Where this comes from is the fact that companies have to act in the best interest of their shareholders. Best interest isn't defined in law. But it basically comes down to businesses can't act against their shareholders by intentionally helping the competition, or something like that. For example if the board members all own stock in a competing business, and they make a decision that will intentionally negatively effect the business in order to help the other company they hold interest in, that would be illegal.

But people mistakes that for businesses being required to maximize profits at all costs, which just isn't true

[–] admiralteal@kbin.social 12 points 9 months ago* (last edited 9 months ago) (2 children)

Also if the shareholders vote for policy X, the company cannot work against policy X or ignore policy X.

If your shareholders all get together and vote for some policy or program that will DEFINITELY hurt the stock value... well, the company still has to do it because it obeys the shareholders.

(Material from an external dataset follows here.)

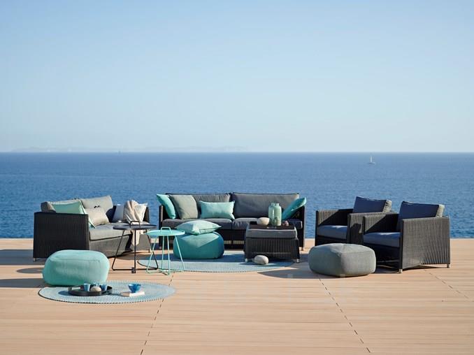 Podnožka Diamond, Cane-line, 70x70x40 cm, rám hliník, výplet umelý ratan farba graphite, sedák vonkajšia látka Natté grey
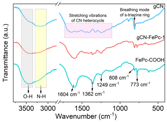 Functional groups on photocatalysts were characterized through FTIR technology, and the results are illustrated in Figure 3. Broad absorption band at ~3450 cm−1 was related to the stretching vibration of O–H from adsorption water and that at ~3200 cm−1 was contributed to the N–H vibration of the terminal amino group on gCN. Compared to the gCN and FePc-COOH, the change in the relative intensity of such absorption in the gCN-FePc-1 suggests the well hybridization of gCN and FePc. A series of characteristic absorption at 1800–1200 cm−1 was assigned to the typical stretching vibrations of C–N heterocycles and at 810 cm−1 to the breathing mode of s-triazine ring [43,44,45]. The spectrum of FePc-COOH showed that the strong absorption band at 1604 cm−1 corresponded to the stretching vibration of –COOH group and the C–N heterocyclic ring; the absorption at 1362 cm−1 and 1249 cm−1 to the C=C vibrations of aromatic ring and the peaks at 808 cm−1 and 773 cm−1 originated from the skeleton vibration of phthalocyanine, respectively [31,42]. These characteristic absorption of FePc were observed in the gCN-FePc-1 sample, implying the successful formation of hybrid photocatalyst.

And it has to try and do it the best possible way -- malicious compliance/bad faith can also potentially get you in trouble.

But since the majority shareholders in, frankly, most meaningful public companies are the likes of hedge funds, then the majority of votes are always going to be to do the thing that boosts share value. This inhuman corporate concepts simply cannot care about anything other than more dollars. On the rare occasion where they may try, it gets labeled as ESG wokism and they get threatened legally by conservative governors (at least in the US).

The real problem with shareholder capitalism may be the terrible influence of hedge funds and professional investors rather than the fundamental principle of the investor-based system. But the hedge fund and professional investor is also a kind of natural consequence of these systems.

[–] Fal@yiffit.net 5 points 9 months ago

Also if the shareholders vote for policy X, the company cannot work against policy X or ignore policy X.

This isn't really true. And is actually exactly what the law is meant to protect. The 51% owner isn't allowed to purposely tank the company and screw over the other 49% just because they vote.

[–] pdxfed@lemmy.world 2 points 9 months ago

It also has been unhelpful in the current arc that with unions being decimated (literally 1/10thed) in the last 60 years and wealth vastly concentrated (gee, wonder if there is a correlation?) it's allowed very few individuals with massive share interests essentially drive all decision to the "profits at all costs or I'll replace you and the board". As wealthy shareholder concentration has spread amongst industries and the wealth concentration snowball has picked up steam you now have a tiny portion of people holding some ungodly percentage of outstanding shares--even relative to other wealth in society.

Interestingly, with the rise of 401ks(crammed down throats of americans to subvert pensions), institutional shareholders (blackrock, vanguard, etc.) these mutual fund and index owners own a massive portion of outstanding wealth and actually have the abilty, should they be pushed to do so, to drive change on all these things. Surprisingly, they haven't stood up and done it and wealthy rats are scrambling to try to pass anti-activist shareholder rules. Remember, shareholder activists are only bad when it's the poors, otherwise it's a brilliant businessperson.